I see a combination of designers + analysts (based on job ads) instead of further specialization. So the next generation has to be excellent at design and ok at analysis to make the most impact.
The Century of Computational Modeling
We stand at an inflection point in human capability. For the first time in modern history, we possess both the computational power and mathematical frameworks to model geometry with precision and approximate its physical behavior. This isn't merely an incremental improvement, it represents a fundamental transformation in how we understand, design, and interact with the physical world.
Autodesk - 80's CAD
The Paradox of Modern Engineering
Walk into any contemporary engineering firm, architecture studio, or product design lab, and you'll encounter teams fluent in Computer Aided Design and Engineering software. Millions worldwide create 3D models, run analyses, and derive patterns with ease.
Yet beneath this more modern tooling lies a gap. Last week, a professor at a top engineering school shared something striking to me. The course he'd just launched was the first and only elective course at the university teaching computation geometry and physics. And this isn't just a one-off. Many students graduate capable of operating this software yet the functionality behind it remains a black box.
We've democratized the operation of these tools without democratizing the understanding of their inner workings. This distinction matters more than we might think.
The Hidden Language of Reality
NURBS - Wikipedia
Beneath every surface render and every finite element analysis lies an intricate collections of algorithms:
- NURBS (Non-Uniform Rational B-Splines) and now SDF (Signed Distances Fields) that mathematically define curves and surfaces with precision
- Mesh generation algorithms that break continuous geometry into discrete elements for analysis
- Constraint solvers that use numerical optimization to find solutions satisfying multiple simultaneous requirements
- Physics engines implementing everything from Navier-Stokes equations for fluid dynamics to finite element methods for structural analysis
Understanding these fundamental algorithms is not mere academic curiosity, it's what separates users from true creators. When we grasp how computational geometry and physics operate, we gain the power to model ANY problem in terms of its geometry, physics, constraints, and objectives. This unlocks the ability to iterate through thousands if not millions of possibilities, exploring solutions and innovations that would be unimaginable without this foundational knowledge.
The Unrealized Potential
NASA - X-59 CFD simulation
Consider the scope of what becomes possible: every scientific hypothesis involving physical space, material properties, or dynamic behavior can potentially be modeled geometrically and simulated computationally.

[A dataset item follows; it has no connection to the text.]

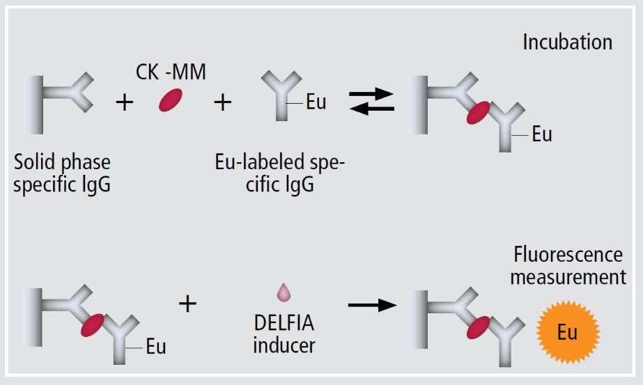 肌酸激酶(CK)是存在于肌肉细胞中的一种酶,在肌肉受损时则会流入到血液中。CK有几种不同的亚型,其中CK-MM亚型主要存在于骨骼肌细胞中,影响骨骼肌的损伤。DMD患者CK-MM酶的水平通常很高,因此CK酶水平的测量被用于DMD患者诊断的标准临床化学测试。GSP肌酸激酶试剂盒则是通过测量CK-MM酶的水平来鉴定新生儿是否携带致病基因。该试剂盒适用于PerkinElmer公司的GSP自动化生化分析仪器。

We're leaving vast territories of this potential unexplored, held back by barriers to entry that remain unnecessarily high. A biologist with revolutionary insights about protein folding mechanisms may lack the computational geometry knowledge to model their hypothesis. A materials scientist envisioning novel composite structures may be unable to bridge the gap between physical intuition and numerical analysis. An aerodynamicist with an intuition on shock-induced flow separation may lack the computational geometry knowledge to robustly parametrize and discretize complex 3D surfaces
The pattern is clear: brilliant domain expertise is bottlenecked by technical barriers that shouldn't exist.
The Coming Transformation
Industry trends point unmistakably toward fundamental change. A new role is emerging in what I call "Design Automation Engineers." Just as hand-drafting gave way to digital CAD in the 1980s and 90s, the era of manually constructing models and running individual simulations is ending.
Increasingly, engineers are automating entire workflows: generating thousands of design variants, running optimization loops overnight, and focusing their effort on higher-level problem formulation rather than repetitive execution. This shift demands a different kind of expertise, one that combines deep algorithmic understanding with domain knowledge and the ability to encode engineering judgment as computational rules.
A Call to Action
The path forward requires deliberate effort across multiple fronts:
Reimagine engineering education: Computational geometry and physics simulation should stand alongside calculus, linear algebra, and classical physics as core competencies.
Democratize the tools: Open-source geometry ad physics simulation frameworks should be as accessible and well-documented as modern programming libraries.
Build interdisciplinary bridges: Create programs that deliberately combine domain expertise in biology, materials science, urban planning, and other fields with computational modeling capabilities. The most powerful innovations will emerge at these intersections.
The Stakes
The century ahead will belong to those who can speak to computers in their native language: the precise, mathematical description of shapes and the fundamental physics governing how those shapes move, deform, and interact in space. This literacy will be as foundational to 21st-century innovation as calculus was to the industrial revolution.
By lowering barriers and fostering deeper understanding, we can transform a generation of tool operators into tool creators, people who don't just use simulation software, but extend it, adapt it, and apply it to problems its original designers never imagined.
The computational modeling revolution isn't coming. It's here. The question is whether we'll harness its full potential or remain satisfied with scratching its surface.